> [YOUR TASK]: The answer should hold only the lines from the one containing "東観察舎前はクイナの採餌には最適状態 これだけは1月16日撮影 |" through the one containing "Videli smo uporabo, gospod" in the entries below, copied exactly, without pictures.

> [SOURCE MATERIAL]:
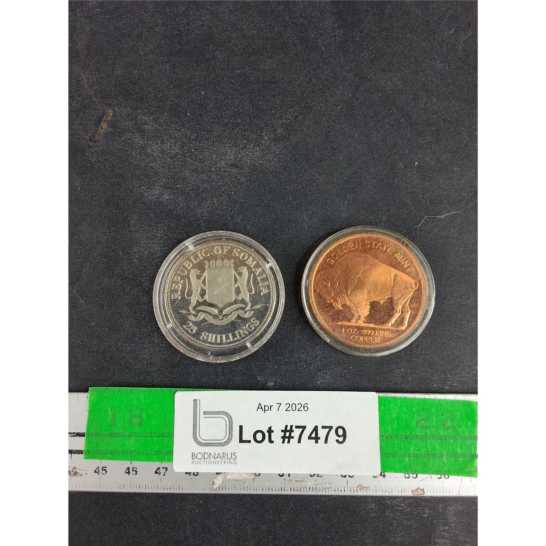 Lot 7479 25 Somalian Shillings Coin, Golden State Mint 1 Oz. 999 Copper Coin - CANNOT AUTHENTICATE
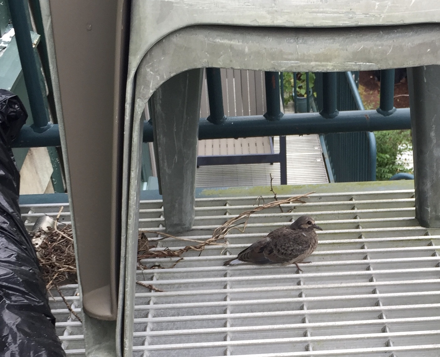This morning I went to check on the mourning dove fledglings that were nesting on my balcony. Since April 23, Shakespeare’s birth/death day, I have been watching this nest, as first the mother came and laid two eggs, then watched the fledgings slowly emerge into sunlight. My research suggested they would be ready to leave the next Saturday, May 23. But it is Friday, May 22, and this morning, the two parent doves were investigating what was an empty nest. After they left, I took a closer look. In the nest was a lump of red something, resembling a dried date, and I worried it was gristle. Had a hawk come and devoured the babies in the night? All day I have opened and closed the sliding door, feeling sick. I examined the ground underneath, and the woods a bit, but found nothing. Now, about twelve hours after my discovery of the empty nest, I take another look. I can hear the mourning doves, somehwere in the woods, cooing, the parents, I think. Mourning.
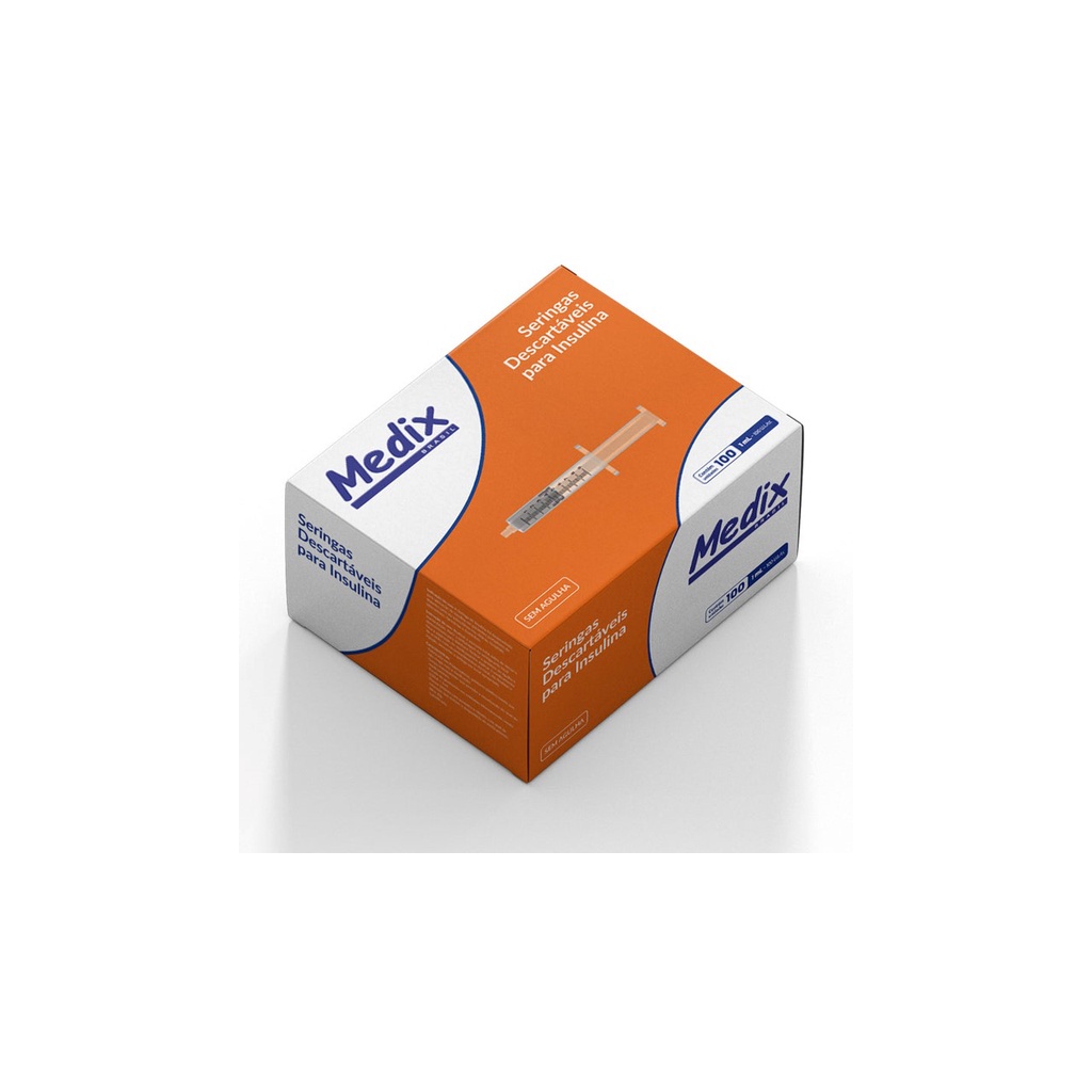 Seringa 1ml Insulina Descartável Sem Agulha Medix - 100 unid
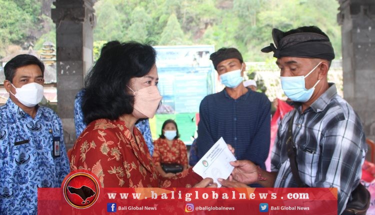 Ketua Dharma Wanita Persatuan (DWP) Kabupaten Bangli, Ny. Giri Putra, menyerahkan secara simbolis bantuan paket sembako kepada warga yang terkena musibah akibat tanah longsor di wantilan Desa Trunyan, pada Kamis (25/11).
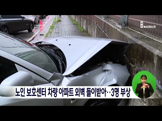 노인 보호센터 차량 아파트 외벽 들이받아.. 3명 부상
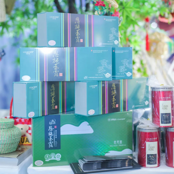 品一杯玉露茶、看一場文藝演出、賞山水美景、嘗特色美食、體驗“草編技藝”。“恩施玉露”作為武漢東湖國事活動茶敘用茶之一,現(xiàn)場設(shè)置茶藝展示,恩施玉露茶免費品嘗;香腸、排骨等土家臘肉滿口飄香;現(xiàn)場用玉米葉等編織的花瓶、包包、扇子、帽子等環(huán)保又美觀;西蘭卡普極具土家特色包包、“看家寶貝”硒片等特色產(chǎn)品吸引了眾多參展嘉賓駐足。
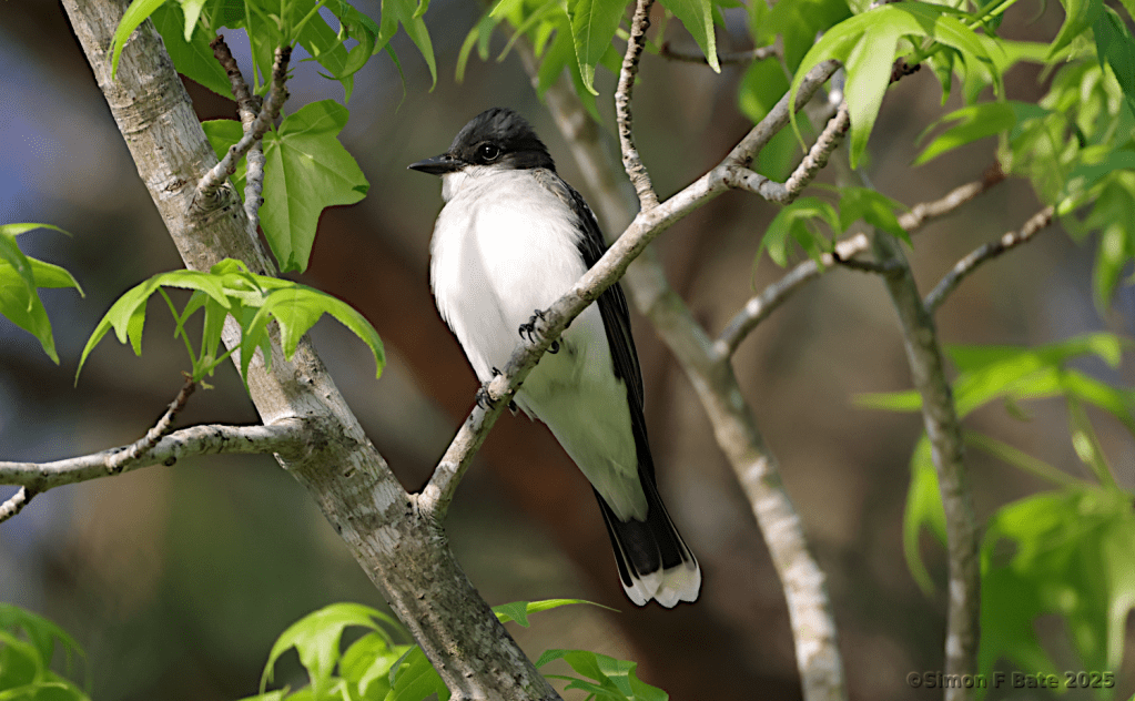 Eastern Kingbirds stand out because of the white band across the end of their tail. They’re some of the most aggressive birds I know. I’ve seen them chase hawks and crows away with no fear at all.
...
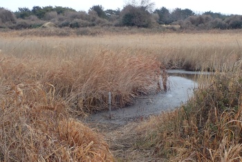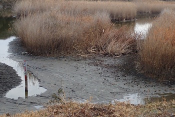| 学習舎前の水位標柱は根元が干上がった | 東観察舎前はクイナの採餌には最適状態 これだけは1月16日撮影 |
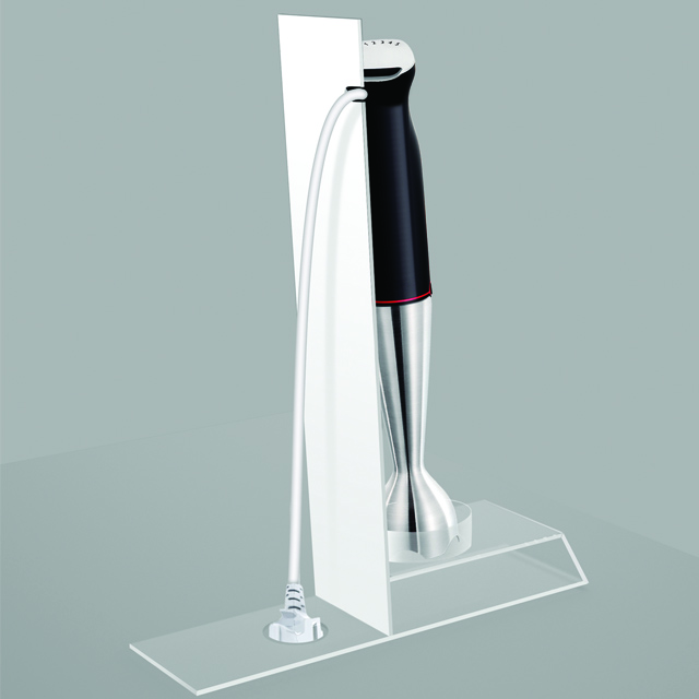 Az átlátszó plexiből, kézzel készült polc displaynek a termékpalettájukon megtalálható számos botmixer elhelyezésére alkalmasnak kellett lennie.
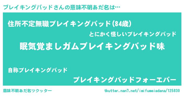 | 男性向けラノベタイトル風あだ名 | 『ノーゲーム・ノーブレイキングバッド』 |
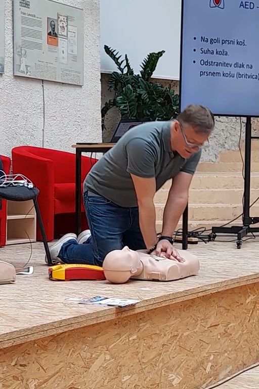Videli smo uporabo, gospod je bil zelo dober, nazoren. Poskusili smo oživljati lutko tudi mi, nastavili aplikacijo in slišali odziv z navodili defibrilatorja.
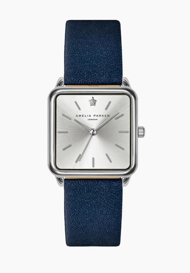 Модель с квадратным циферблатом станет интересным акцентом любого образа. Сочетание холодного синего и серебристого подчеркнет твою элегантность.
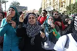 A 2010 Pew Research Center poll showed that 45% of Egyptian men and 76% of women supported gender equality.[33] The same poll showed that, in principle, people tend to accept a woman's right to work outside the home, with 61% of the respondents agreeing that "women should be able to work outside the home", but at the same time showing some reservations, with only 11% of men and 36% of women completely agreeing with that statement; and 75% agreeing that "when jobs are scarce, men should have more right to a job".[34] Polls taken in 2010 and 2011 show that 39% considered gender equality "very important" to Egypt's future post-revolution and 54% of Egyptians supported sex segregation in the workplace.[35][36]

> [RESULT OF THE TASK]:
| 学習舎前の水位標柱は根元が干上がった | 東観察舎前はクイナの採餌には最適状態 これだけは1月16日撮影 |
 Az átlátszó plexiből, kézzel készült polc displaynek a termékpalettájukon megtalálható számos botmixer elhelyezésére alkalmasnak kellett lennie.
 | 男性向けラノベタイトル風あだ名 | 『ノーゲーム・ノーブレイキングバッド』 |
Videli smo uporabo, gospod je bil zelo dober, nazoren. Poskusili smo oživljati lutko tudi mi, nastavili aplikacijo in slišali odziv z navodili defibrilatorja.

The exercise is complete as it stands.